Setiap tanggal 26 Juni, masyarakat global mengheningkan cipta sekaligus merapatkan barisan dalam peringatan Hari Anti Narkotika Internasional (HANI).

Momentum ini bukanlah sekadar seremonial tahunan pada kalender global, melainkan sebuah proklamasi perlawanan tanpa henti terhadap kejahatan luar biasa (extraordinary crime) yang terus bermutasi.

Di tengah pusaran zaman yang makin tak berbatas, ancaman narkotika telah berevolusi dari sekadar komoditas candu menjadi senjata pemusnah massal yang menggerogoti pilar-pilar peradaban, sendi-sendi sosial, dan fondasi hukum tata negara kita.

Sebuah Refleksi dalam rangka Hari Anti Narkotika Internasional 26 Juni 2026.

Jejak Kelam: Dari Komoditas Kolonial Hingga Epidemi Sintetis

Sejarah penyalahgunaan narkotika adalah sejarah tentang eksploitasi dan penderitaan. Jauh sebelum era modern, opium telah menjadi alat penundukan geopolitik yang paling epik tergambar dalam Perang Candu (1839–1842) di mana sebuah kekaisaran besar diruntuhkan melalui sistematisasi kecanduan.
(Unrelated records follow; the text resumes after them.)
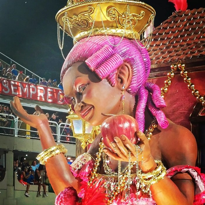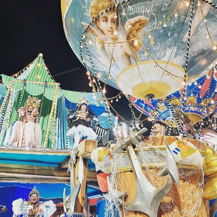 Um dos grandes destaques do desfile foi a alegoria de São Jorge matando o dragão, toda em arame prateado vazado e complementado por iluminação, fumaça e muitos movimentos. A Imperatriz Leopoldinense, do carnavalesco Leandro Vieira, se inspirou na literatura de cordel para falar do imaginário sobre a morte do cangaceiro Lampião, sua ida ao inferno e ao céu.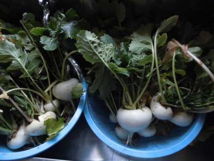 みんなが大切に育てたかぶ。4年生においしく調理してもらえますように!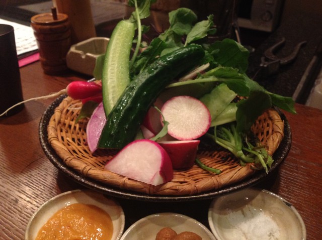 「庵Guri中目黒店」。お味噌と共に丸々1本を、豪快に提供してくださっています。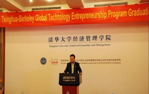 5月27日,“清华-伯克利全球技术创业项目”第二期结业典礼在清华大学经济管理学院舜德楼举行。清华大学研究生院常务副院长贺克斌教授,清华大学经济管理学院院长助理、清华-伯克利全球技术创业项目中方主任高建教授出席并致辞。凯旋创投副总裁衣进先生、海淀资本中心总经理杜朋先生、华登国际董事总经理李文彪先生和京华山一上海投行部总经理唐浩夫先生等项目创业导师,以及清华校友、青云创投执行董事左林先生和伯克利校友、Hambrecht Suma Capital董事总经理吴泽强先生出席结业典礼并讲话。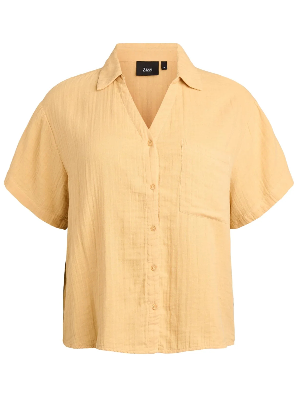 Blouse type: Klassieke blouse; Design: Knop placket, Overcut schouder, Turn-down kraag, Borstzak; Type sluiting: Knoopsluiting; Materiaal: Mousseline; Motief: Effen; Extra's: Op staal naden, Met textuur; Pasvorm: Losse pasvorm; Armlengte: Halve mouw; Lengte: Normale lengte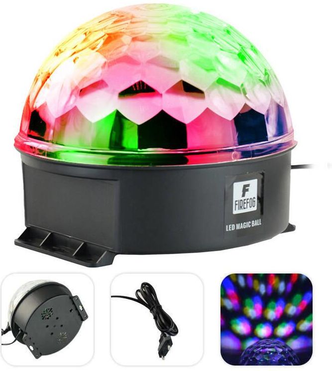 PÓŁKULA LED RGBWOP dyskotekowa imprezowa dekoracyjna Firefog Półkula FIREFOG LED MAGIC BALL Urządzenie o wyjątkowym efekcie świetlnym, które z pewnością stworzy magiczną atmosferę zarówno na scenie, jak i w Twoim własnym domu. Ta kula świetlna wysyła promienie kolorowego światła poprzez swoją przezroczystą kopułkę, tworząc fascynujące wzory i efekty na ścianach, podłodze i suficie. Urządzenie może być użytkowane przez wiele godzin bez przerwy. Sterowanie odbywa się w trybie automatycznym lub w Sound Control, który działa przez wychwytywanie dźwięku i dopasowywania do niego specjalnych efektów świetlnych. Półkula FIREFOG LED MAGIC BALL sprawdzi się doskonale również w Twoim własnym domu Czy to przy organizacji przyjęć, urodzin, czy po prostu jako element dekoracyjny w Twoim pokoju, ta kula świetlna doda magii i zabawy każdemu wydarzeniu. Możesz ustawić ją w dowolnym miejscu i cieszyć się jej efektami przez wiele godzin bez przerwy, dzięki niskiemu zużyciu energii. Dzieci i dorośli pokochają ten urządzenie za jego zdolność do tworzenia niesamowitych wzorców świetlnych, które nadadzą każdej okazji niepowtarzalny charakter. Dane techniczne Zasilanie: AC90-240V/50-60Hz LED: 6x 1W (Czerwona, Zielona, Niebieska, Biała, Fioletowa, Żółta) Żywotność DIOD LED: 20000godz Sterowanie: Auto/ Sound Control Waga: 0.4kg Wymiary: 190x 190x 170mm Spełni oczekiwania Niezależnie od tego, czy jesteś artystą scenicznym, czy po prostu chcesz dodać odrobinę magii swoim prywatnym imprezom, ta kula świetlna spełni Twoje oczekiwania i dostarczy niezapomnianych chwil.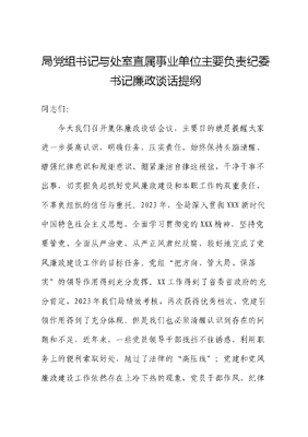局党组书记与处室直属事业单位主要负责纪委书记廉政谈话提纲同志们:今天我们召开集体廉政谈话会议,主要目的就是提醒大家进一步提高认识,明确任务,压实责任,始终保持头脑清醒、增强纪律意识和规矩意识、绷紧廉洁自律这根弦,干净干事不出事,切实担负起抓好党风廉政建设和本职工作的双重责任,不辜负组织的信任与重托。2023年,全局深入贯彻XXX新时代中国特色社会主义思想,全面学习贯彻党的XXX精神,坚持党要管党、全面从严治党,从严正风肃纪反腐,较好地完成了党风廉政建设工作的目标任务。党组把方向、管大局、保落实的领导作用得到充分发挥。XX工作得到了省委省政府的充分肯定,2023年我们局绩效考核,再次获得优秀档次,党建引领作用得到了充分体现。但是我们也必须清醒认识到存在的问题和不足,近年来,一些党员领导干部抵挡不住诱惑,利用职务上的便利索取好处,越过了法律的高压线;党建和党风廉政建设工作依然存在上冷下热的现象,党员干部作风、纪律和规矩意识不强,个别党员干部违规违纪问题还时有发生。在座的各位都是我们局的中坚力量,承担着具体工作的落实和党员干部教育管理的重要职责。因此,大家对工作中存在的问题,必须高度重视、高度警醒,自觉强化责任担当,以坐不住的责任感、慢不得的紧迫感、等不起的使命感,以身作则、以上率下,当好标杆、作好示范,为今年能源工作有效开展提供坚强的保障。我作为能源局落实全面从严治党主体责任的第一责任人,有责任同大家一起座谈交流,传递信号、统一思想、达成共识。结合今天的会议,我谈以下几点意见,和大家一起交流,一起共勉。一、提高认识,坚持政治立身。思想上松一寸,行动就会散一尺。作为领导干部要自觉用XXX新时代中国特色社会主义思想武装头脑,要坚持学而信、学而用、学而行,真正做到知行合一、言行一致、表里如一,全力推动全面从严治党落地生根。要严明党的政治纪律和政治规矩,自觉遵守和敬畏党规党纪,深刻认识各类腐败问题的政治本质和政治危害,始终绷紧全面从严治党这根弦,以永远在路上的坚韧和执着,坚决文可居文库——海量学习资料,手机电脑均可下载www.wenkeju.com贯彻中央、省委新部署新要求,推动管党治党,党风廉政建设取得新成效。要严格遵循坚定信念、为民服务、勤政务实、敢于担当、清正廉洁的好干部标准,自觉做到心中有党、心中有民、心中有责、心中有戒,恪守廉洁从政的准则,秉持克己奉公的操守,时刻保持高度的政治自觉和政治清醒,真正做政治上的明白人。二、加强学习,坚持本领立身。认清大势,方能顺势而为。面对当前能源工作领域的新挑战,工作阶段的新转换,工作要求的新标准,我们要更加自觉地把学习作为提高素质的重要途径,有效抓手,不断突破自我、完善自我、提升自我,努力拓宽视野,提高领导水平,增强廉洁自律意识。一要在学习党内法规上下功夫。落实局党组(委)理论学习中心组、各支部周学习等制度,要把学习党规党纪作为首要的政治任务,带头学习好党规党纪,特别是要结合今年即将开展的集中性纪律学习教育等活动,深入学习《党章》《廉洁自律准则》《关于新形势下党内政治生活的若干准则》和新修订的《中国共产党纪律处分条例》等党内法规,要原原本本地学,逐条逐文可居文库——海量学习资料,手机电脑均可下载www.wenkeju.com句地学,深入具体地学,决不能满足于一般的了解和掌握,产生丝毫厌学情绪,真正把党规党纪学深、学透、学出心得。二要在学习规章制度上下功夫。近年来,中央和省出台了以八项规定为重点的一系列规章制度,对依法行政、财经纪律、重大事项报告等作出明确规定,但在具体的执行中还是有这样那样的问题。原因虽然是多方面的,但思想意识不够、制度意识不强,对制度的学习不深、不透、不细、不实是主要原因。大家要站在全面从严治党的新形势下,静下心来、挤出时间,认真系统地学习相关规章制度,包括局内部的规章制度,要结合工作学、带着问题学、反复思考学,坚持学以致用,用以致学,切实提高制度的执行力,强化制度的约束力,自觉规范权力运行。三要在学习业务理论上下功夫。要采取学习XXX新时代中国特色社会主义思想读书班和能源大讲堂等形式,结合今年能源工作的实际,全面学习中央、省各种会议精神和部署要求,特别是要把学习贯彻XXXXXX关于党的自我革命的重要思想和中央纪委及省纪委三次全会精神作为重中之重,抓紧抓实抓到位,真正把上级的要求部署体现在工作思路里,落实在工作措文可居文库——海量学习资料,手机电脑均可下载www.wenkeju.com施上,贯彻于工作实践中。尤其我们近期工作岗位新调整的一些干部,面对新岗位、新业务、新任务,必须要静下心来加强自身业务知识的学习,尽快成为能独挡一面的行家里手,对自己工作业务和相关方面的政策要学懂吃透,掌握工作规律,打开工作局面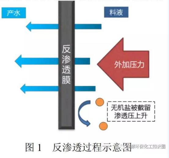 反滲透是以壓力差為推動力,從溶液中分離出溶劑的膜分離過程。如圖1所示,對料液側施加壓力,當壓力超過膜兩側的滲透壓差時,溶劑會逆著自然滲透的方向反向滲透,溶質被反滲透膜攔截。最終在膜的低壓側得到透過的溶劑,即產水;高壓側得到濃縮的溶液,即濃水。反滲透技術是一項成熟的脫鹽技術,目前廣泛應用于飲用水深度處理、工業廢水回用、苦咸水脫鹽、海水淡化等水處理領域。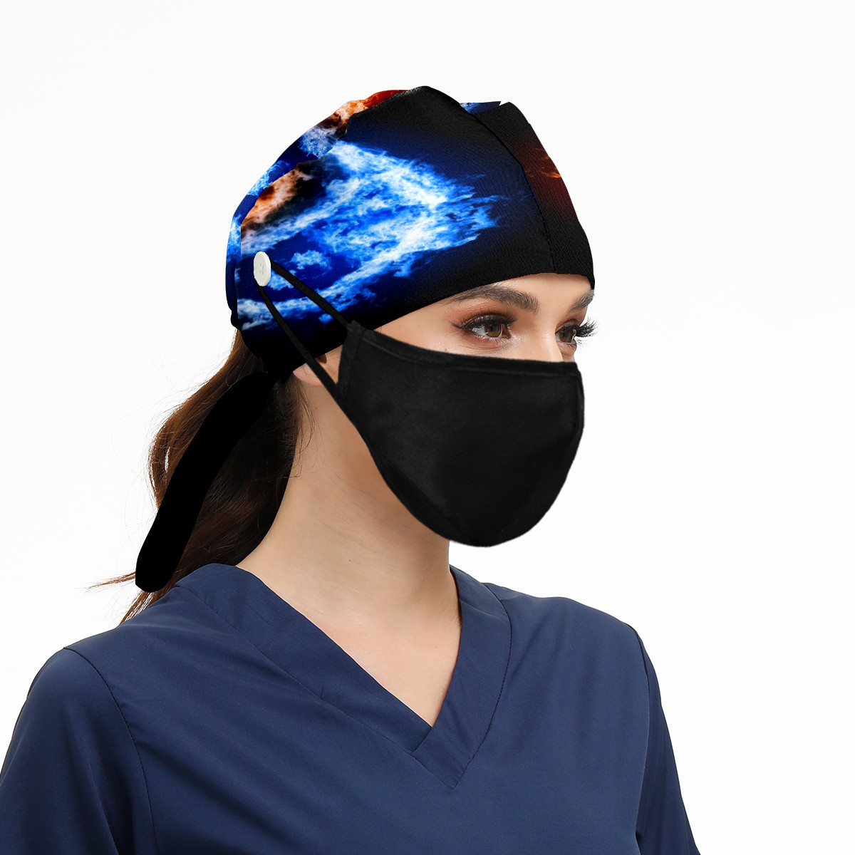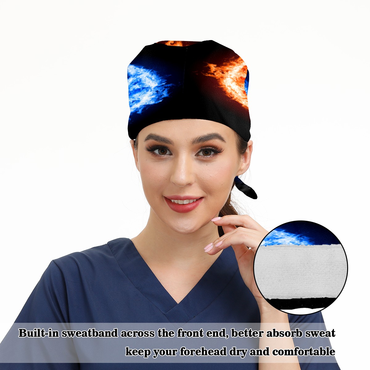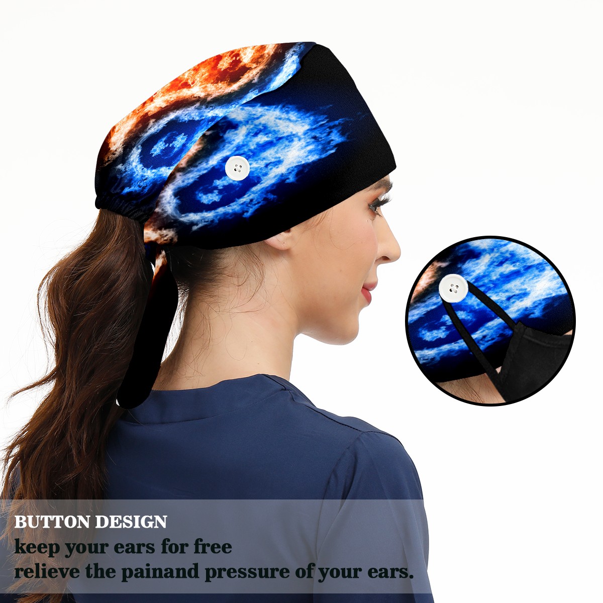 <p>Working cap with Sweatband and Button for Women Men</p><p>Material&nbsp;: 50% cotton+50% polyester</p><p>Size:&nbsp;One size fits most,&nbsp;suitable for both men and women.</p><p>Working Cap with Buttons Design:special&nbsp;design with buttons to protect ears for those who are wearing ma-sk. These new styles hats will allow you to put the straps around the buttons instead of your ears, make you feel more comfortable.</p><p>Sweat-absorbent towel cloth inside: Built-in&nbsp;100% cotton sweatband, keep the forehead clean after long time working.</p><p>Widely occasion: Widely used in beauty spa, house cleaning, cooking, sleeping, or for cos-play&nbsp;party.</p><p>Lovely pattern: lovely&nbsp;3D printed&nbsp;pattern,&nbsp;it's perfect for gift to you family&nbsp;and friends.</p>

Di bumi Nusantara, sejarah mencatat luka yang sama. Pada era kolonial, VOC hingga pemerintah Hindia Belanda mendirikan Amfioen Societeit dan memberlakukan Opiumregie, sebuah kebijakan monopoli perdagangan opium yang melegalkan candu demi meraup pendapatan (pajak) untuk kas kolonial.
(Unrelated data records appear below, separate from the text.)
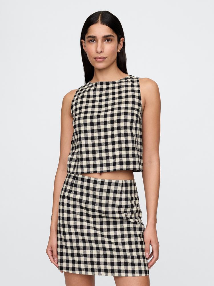 Classic checkered pattern meets breathable linen blend in this cropped shell tank top. Featuring a sleeveless design with a round neckline and regular fit, this pullover piece is perfect for casual outings, brunch dates, and everyday wear during spring and summer. The minimalist style and covered back create a clean, versatile silhouette that pairs effortlessly with high-waisted bottoms for a chic, laid-back vibe.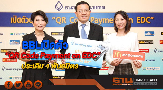 นายโชค ณ ระนอง ผู้ช่วยผู้จัดการใหญ่ สายบัตรเครดิต ธนาคารกรุงเทพ จำกัด (มหาชน) เปิดเผยว่า ธนาคารได้พัฒนาบริการ “QR Code Payment on EDC” อีกหนึ่งบริการรับชำระเงินค่าสินค้าและบริการรูปแบบใหม่ ที่ไม่ต้องใช้เงินสด โดยร้านค้าสามารถใช้เครื่องรับรูดบัตร (EDC) ปริ้นท์สลิปซึ่งมี QR Code ออกมา เพื่อให้ลูกค้าสแกนชำระเงินผ่านโมบายแบงกิ้งของทุกธนาคารในประเทศไทยได้ทันที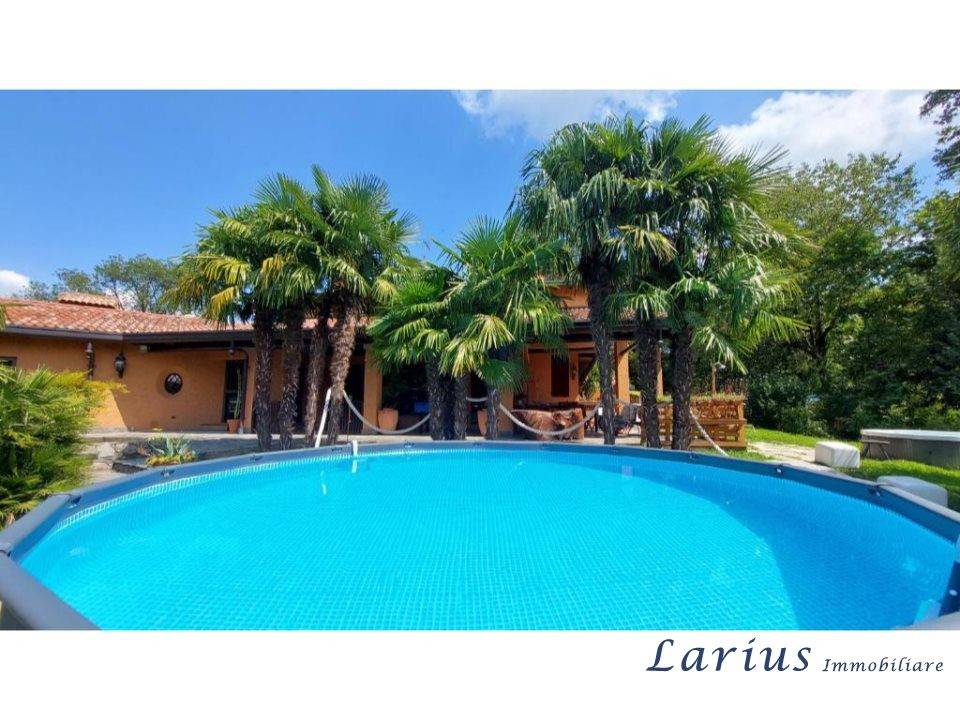 A soli 5 minuti dal Golf Club Lecco, situata all'interno del piccolo e tranquillo Comune di Cesana Brianza ed a pochi passi dai principali servizi e raccordi stradali (SS36 Milano - Lecco), sorge questa fantastica villa singola denominata and quot;Villa Pusiana and quot;. Questa caratteristica soluzione abitativa è ubicata all'interno di signorile ed elegante contesto immerso nel verde: la proprietà, posta in posizione collinare e panoramica rappresenta un'elegante fusione tra stile rustico e contemporaneo, ideale per chi cerca una casa con carattere e privacy. La villa, edificata agli inizi degli anni '70, è stata oggetto di totale ed importante ristrutturazione nell'anno 2000(completata nel 2001): disposta su tre livelli abitativi, sviluppa una superficie commerciale di mq 525. E' composta da ampio portico d'ingresso, soggiorno con sala da pranzo e zona camino dedicata (con antistante piccolo terrazzo), cucina (con portico), locale guardaroba (adibito a camera da letto), locale studio, bagno e lavanderia al piano terra, tre camere, tre bagni, balcone e portico al piano primo. Il tutto completato da spazioso locale hobby al piano primo sottostrada. La stessa, gode inoltre di ottima esposizione solare e vista panoramica ed è dotata di eccellenti finiture interne: pavimentazione in cotto e legno pregiato, infissi in alluminio doppio vetro completi di persiane ed inferriate di sicurezza, portoncino blindato, sanitari sospesi, impianto antifurto perimetrale e volumetrico, impianto tv satellitare e connessione internet cablata. Il locale hobby, situato al piano primo sottostrada, è stato invece allestito a piccola palestra attrezzata con zona massaggi completata da sauna finlandese, doccia con cromoterapia e vasca idromassaggio. L'impianto di riscaldamento è autonomo con pannelli radianti a pavimento alimentati a metano (impostato a zona con termostati separati regolabili sui tre livelli abitativi) integrato da impianto di climatizzazione con pompa di calore caldo/freddo. Sono inoltre presenti camino a legna e stufa a pellet rispettivamente ai piani terra e primo. A completamento vano cantina al piano terra ed ampio vano autorimessa di mq 46 al piano primo sottostrada. La proprietà è circondata da ampio e pianeggiante giardino piantumato e cintato mq 4000 circa completato da confortevole viale interno alberato e pavimentato in ciottolato ed autobloccanti. La stessa, dispone inoltre di altro terreno di proprietà (in aderenza a quello cintato) di mq 7000 circa adibito in parte a prato ed in parte a bosco ceduo. L'area strettamente pertinenziale alla villa è inoltre corredata da putting green con bunker in sabbia, impianto di irrigazione, predisposizione pannelli solari e predisposizione per l'installazione di una piscina di media dimensione (la precedente è stata al momento rimossa) e di piccola vasca idromassaggio (vedi foto). Il bene gode di una sua personalità importante soprattutto per l'ampiezza degli spazi interni. E' stata fino a poco tempo fa adibita anche a struttura ricettiva B and B (in qualsiasi momento riattivabile) con camere personalizzate dotate dei massimi comfort. E' un luogo ideale per vivere a stretto contatto con la natura e per accogliere un nucleo famigliare numeroso. E' un'ideale prima casa ed un pregevole luogo di villeggiatura. La disponibilità dell'immobile è immediata. - Maggiori Dettagli: Studio, Porte in legno, Lavanderia, Cantina, Locale hobby, Portico, Piscina, Cancello automatico, Sistema di allarme, Impianto satellitare, Impianto di condizionamento, Camino, Sanitari sospesi, Parquet zona notte, Infissi alluminio doppio vetro, Persiane in legno, Porta blindata, Vista panoramica , Fermata bus nelle immediate vicinanze, Servizi di primaria necessità nelle vicinanze

Pada masa itu, narkotika digunakan sebagai instrumen penjajahan untuk melemahkan daya kritis, produktivitas, dan semangat perlawanan kaum bumiputra.

Kini, bentuk penjajahan tersebut telah berubah wujud. Kita tidak lagi berhadapan dengan candu mentah, melainkan dengan New Psychoactive Substances (NPS) dan narkotika sintetis yang diproduksi secara tersembunyi di laboratorium-laboratorium klandestin, didistribusikan melalui dark web, dan menembus batas-batas yurisdiksi negara.
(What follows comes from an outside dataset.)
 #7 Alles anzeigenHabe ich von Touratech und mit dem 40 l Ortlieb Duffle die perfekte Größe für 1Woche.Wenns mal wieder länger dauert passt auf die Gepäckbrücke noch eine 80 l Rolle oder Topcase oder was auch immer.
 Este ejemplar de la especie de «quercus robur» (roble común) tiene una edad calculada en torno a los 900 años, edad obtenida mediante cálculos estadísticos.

Ancaman ini tidak lagi datang dari meriam penjajah, melainkan dari jarum suntik dan pil yang menghancurkan generasi dari dalam.

Realitas Empiris: Darurat Narkotika dalam Angka

Berdasarkan Laporan Narkotika Sedunia (World Drug Report) yang dirilis oleh United Nations Office on Drugs and Crime (UNODC), diperkirakan ratusan juta orang di seluruh dunia menggunakan narkoba setiap tahunnya, dengan tren peningkatan tajam pada penggunaan metamfetamin dan opioid sintetis.

Di Indonesia, realitas empiris menunjukkan angka yang mengkhawatirkan. Laporan Badan Narkotika Nasional (BNN) secara konsisten mencatat angka prevalensi penyalahgunaan narkoba berada di kisaran jutaan jiwa, menyasar rentang usia produktif (15-64 tahun).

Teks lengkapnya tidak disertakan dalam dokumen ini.